[proofplan] The proof is a second-order Taylor expansion of the log-likelihood around the unrestricted MLE, followed by identification of the resulting quadratic form. Write $\Theta \subseteq \mathbb{R}^d$ with $\Theta_0 \subseteq \Theta$ having dimension $d - p$. Under $H_0$, the unrestricted MLE $\hat\theta_n$ and the constrained MLE $\hat\theta_n^{(0)}$ are both consistent for the true parameter $\theta_0 \in \Theta_0$ and satisfy the score equation up to $o_{\mathbb{P}}(n^{-1/2})$. Taylor-expanding the log-likelihood $\ell_n$ around $\hat\theta_n$, the linear term vanishes (first-order condition) and the quadratic term carries the Hessian $-n\,I(\theta_0) + o_{\mathbb{P}}(n)$. Asymptotic normality of $\sqrt n(\hat\theta_n - \hat\theta_n^{(0)})$ restricted to the $p$-dimensional direction orthogonal to $\Theta_0$ (relative to $I(\theta_0)$) reduces $2\log\Lambda$ to the squared norm of a $p$-dimensional standard normal, which is $\chi^2_p$. [/proofplan]

[step:Fix the parameterisation and identify the null manifold]Assume $\Theta \subseteq \mathbb{R}^d$ is open and the model $\{f(\cdot \mid \theta): \theta \in \Theta\}$ satisfies the standard regularity conditions of the Asymptotic Normality of the MLE: the log-density $\log f(x \mid \theta)$ is thrice continuously differentiable in $\theta$ on $\Theta$; the Fisher information \begin{align*} I(\theta) &:= \mathbb{E}_\theta\!\left[\nabla_\theta \log f(X \mid \theta)\, \nabla_\theta \log f(X \mid \theta)^\top\right] \in \mathbb{R}^{d \times d} \end{align*} is finite, continuous, and positive-definite on $\Theta$; the true parameter $\theta_0$ lies in the interior of $\Theta_0$; and the model is identifiable. Let the null set $\Theta_0 \subseteq \Theta$ be a smooth submanifold of codimension $p$: there exist a $C^2$ map $g: \Theta \to \mathbb{R}^p$ with $\nabla g(\theta_0)$ of full rank $p$, and \begin{align*} \Theta_0 &= \{\theta \in \Theta: g(\theta) = 0\}. \end{align*} (The condition $|\Theta| - |\Theta_0| = p$ in the theorem statement is the informal dimension count $\dim \Theta - \dim \Theta_0 = p$; this is the precise statement under which the proof proceeds.) Equivalently, by the [Implicit Function Theorem](/theorems/52), near $\theta_0$ there exists a $C^2$ chart $\psi: V \to \Theta$ from an open neighbourhood $V$ of $0 \in \mathbb{R}^d$ such that \begin{align*} \psi(V \cap (\mathbb{R}^{d-p} \times \{0\}^p)) \subseteq \Theta_0. \end{align*} By reparameterisation and a linear change of coordinates realised by the inverse square root of $I(\theta_0)$, we may and do assume $\theta_0 = 0$, $I(\theta_0) = I_d$ (the identity), and $\Theta_0 = (\mathbb{R}^{d-p} \times \{0\}^p) \cap \Theta$ locally near $0$. This orthogonal decomposition — $\mathbb{R}^d = T_{\theta_0}\Theta_0 \oplus N_{\theta_0}\Theta_0$ where the tangent space is $\mathbb{R}^{d-p} \times \{0\}$ and the normal space is $\{0\} \times \mathbb{R}^p$ — is crucial. Write a generic $\theta \in \Theta$ in this chart as $\theta = (\xi, \eta)$ with $\xi \in \mathbb{R}^{d-p}$ and $\eta \in \mathbb{R}^p$.[/step]

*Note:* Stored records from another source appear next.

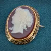 large gold carved shell cameo brooch
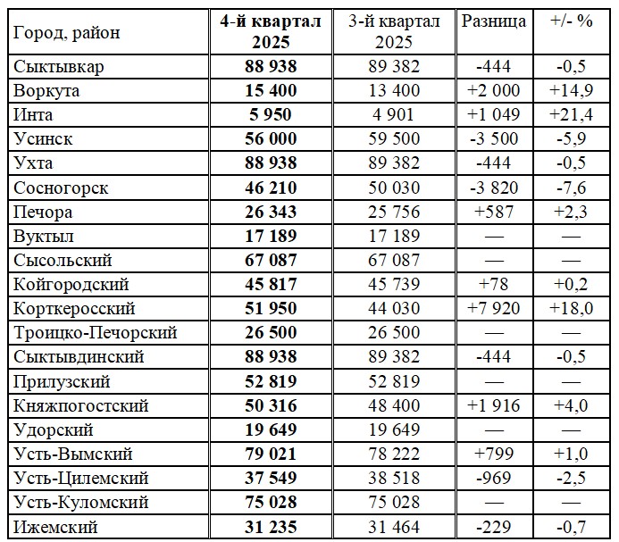 В семи муниципалитетах стоимость увеличится, в семи — уменьшится. Самое значительное изменение в денежном выражении произойдет по Корткеросскому району (плюс 7920 рублей), Сосногорску (плюс 3820 рублей) и Усинску (минус 3,5 тысячи рублей).
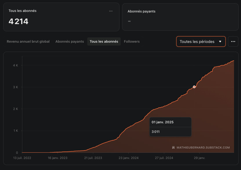 Je n’ai pas fait grandir la communauté de cette Newsletter comme je voudrais (Je voudrais qu’on soit 10000 ici, on est 4212)
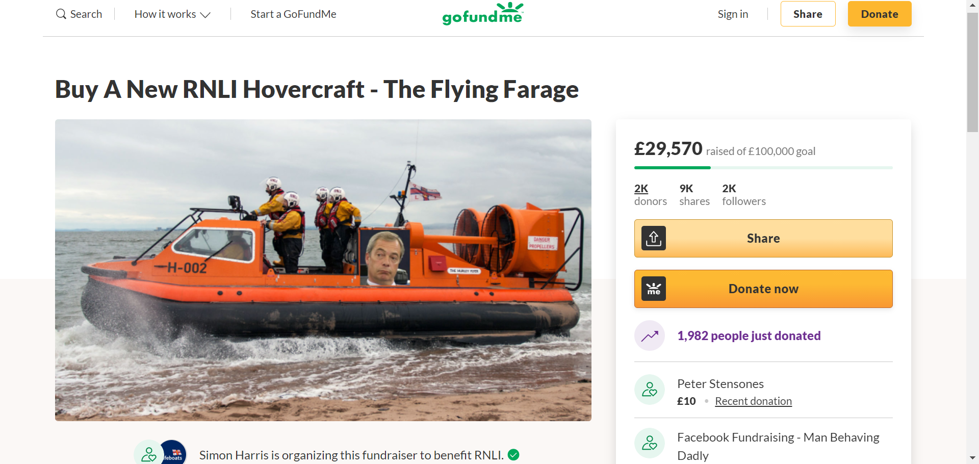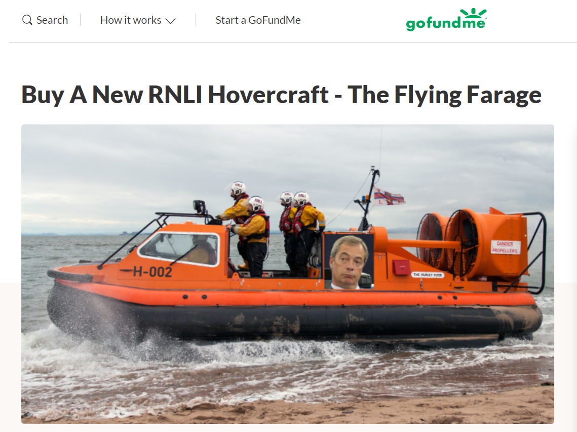 The GoFundMe – named “Buy A New RNLI Hovercraft - The Flying Farage” – was created shortly after and has already received more than £40,000 of its £100,000 target from nearly 3,000 donors.
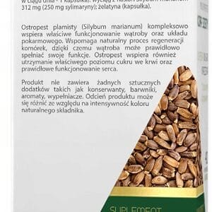 Ostropest plamisty (Silybum marianum) wspiera właściwe funkcjonowanie i regenerację wątroby. Wspomaga prawidłowy proces trawienia. Dodatkowo ostropest pomaga zachować zdrowe serce.
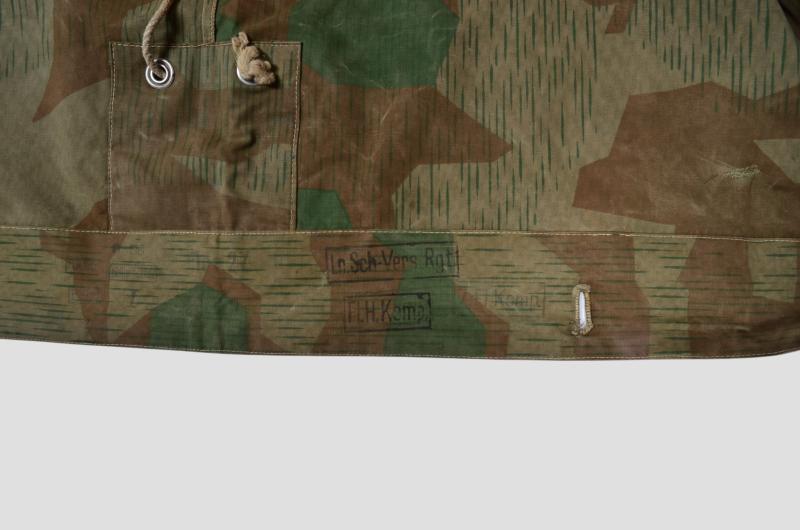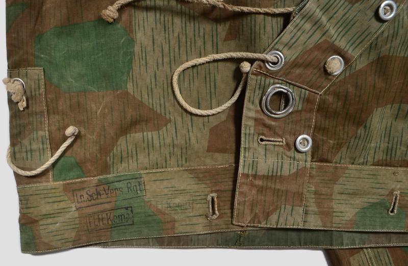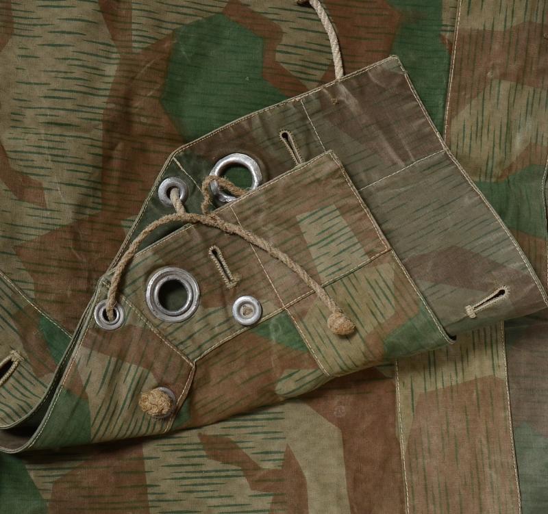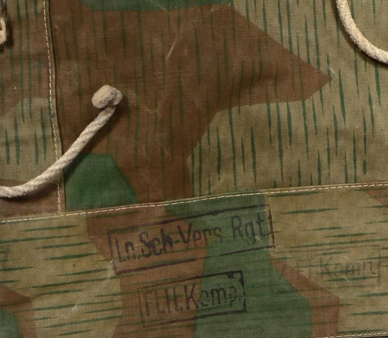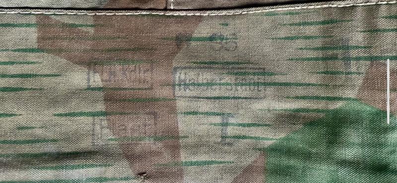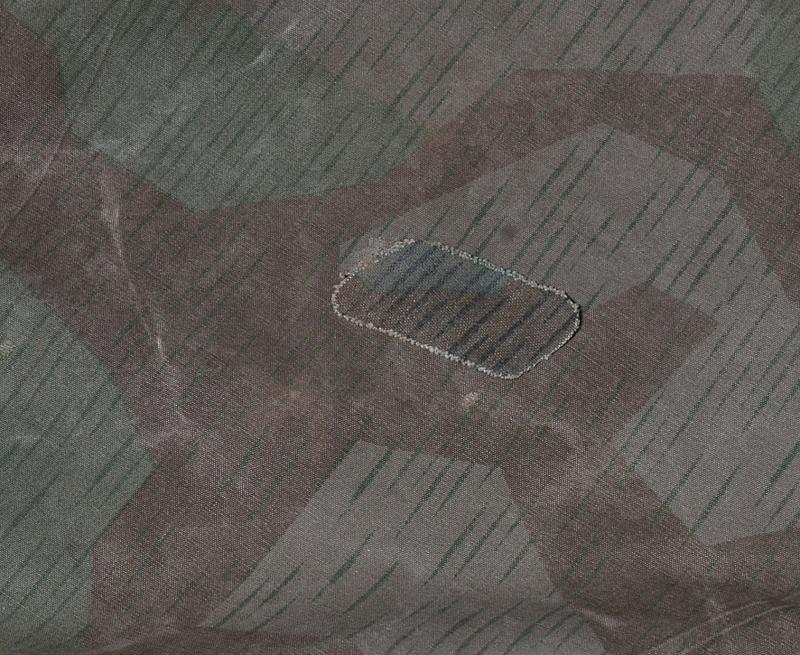A typical field used splinter Wehrmacht zeltbahn with clear Luftwaffe depot markings from the heavily active Halberstad Airfield in Germany.

[guided]Wilks' theorem is a statement about a degree-of-freedom count: the null distribution of $2\log\Lambda$ has $p$ degrees of freedom, where $p$ is the *codimension* of the null — the number of constraints $H_0$ places on $\theta$. We need a setup that makes this count geometric. The regularity conditions supply four ingredients: smoothness (for Taylor expansion to terminate at second order with a controlled remainder), invertibility of $I$ (so the quadratic form is non-degenerate), interior point (so perturbations in every direction are legitimate), and identifiability (so MLEs are well-defined). The most conceptually clarifying simplification is to choose coordinates in which $I(\theta_0) = I_d$ and $\Theta_0$ is a coordinate hyperplane near $\theta_0$. Both can be arranged: - Rescale by $I(\theta_0)^{-1/2}$: let $\tilde\theta = I(\theta_0)^{1/2}(\theta - \theta_0)$. In the new coordinate the Fisher information at zero is the identity. - Straighten $\Theta_0$ via the implicit function theorem: since $\nabla g(\theta_0)$ has full rank $p$, we can choose a $C^2$ local chart in which $\Theta_0$ is defined by $(\theta_{d-p+1}, \ldots, \theta_d) = 0$. Composing, we work in coordinates $\theta = (\xi, \eta)$ where $\xi$ is tangent to $\Theta_0$ (free under $H_0$) and $\eta$ is normal to $\Theta_0$ (forced to zero under $H_0$). The directional independence of $I(\theta_0) = I_d$ is what reduces the final quadratic form to an unrotated sum of squares — it is what makes the answer "$p$" rather than "a trace involving projection onto the normal space of $\Theta_0$ in the $I$-inner product".[/guided]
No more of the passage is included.